>>

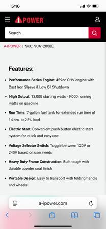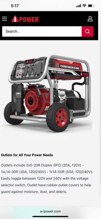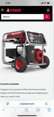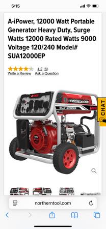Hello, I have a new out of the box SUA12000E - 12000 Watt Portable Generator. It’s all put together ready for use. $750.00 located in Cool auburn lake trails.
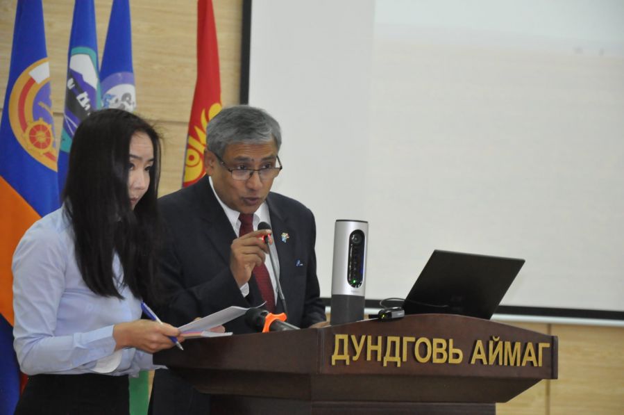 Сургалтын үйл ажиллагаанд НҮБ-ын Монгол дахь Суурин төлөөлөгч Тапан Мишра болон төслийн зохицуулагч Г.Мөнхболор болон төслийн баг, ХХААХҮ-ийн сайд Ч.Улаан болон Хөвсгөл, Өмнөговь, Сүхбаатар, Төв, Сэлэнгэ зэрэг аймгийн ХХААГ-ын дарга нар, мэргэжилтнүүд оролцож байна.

<<
>>

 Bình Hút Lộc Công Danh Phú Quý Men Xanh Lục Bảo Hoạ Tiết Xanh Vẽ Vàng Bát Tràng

<<

*Task to complete*. Above, find the line with "Hello, I have"; copy it and every line down to the line with "Сургалтын үйл ажиллагаанд", exactly and both included, but no pictures.

*Solution to the exercise*.
Hello, I have a new out of the box SUA12000E - 12000 Watt Portable Generator. It’s all put together ready for use. $750.00 located in Cool auburn lake trails.
 Сургалтын үйл ажиллагаанд НҮБ-ын Монгол дахь Суурин төлөөлөгч Тапан Мишра болон төслийн зохицуулагч Г.Мөнхболор болон төслийн баг, ХХААХҮ-ийн сайд Ч.Улаан болон Хөвсгөл, Өмнөговь, Сүхбаатар, Төв, Сэлэнгэ зэрэг аймгийн ХХААГ-ын дарга нар, мэргэжилтнүүд оролцож байна.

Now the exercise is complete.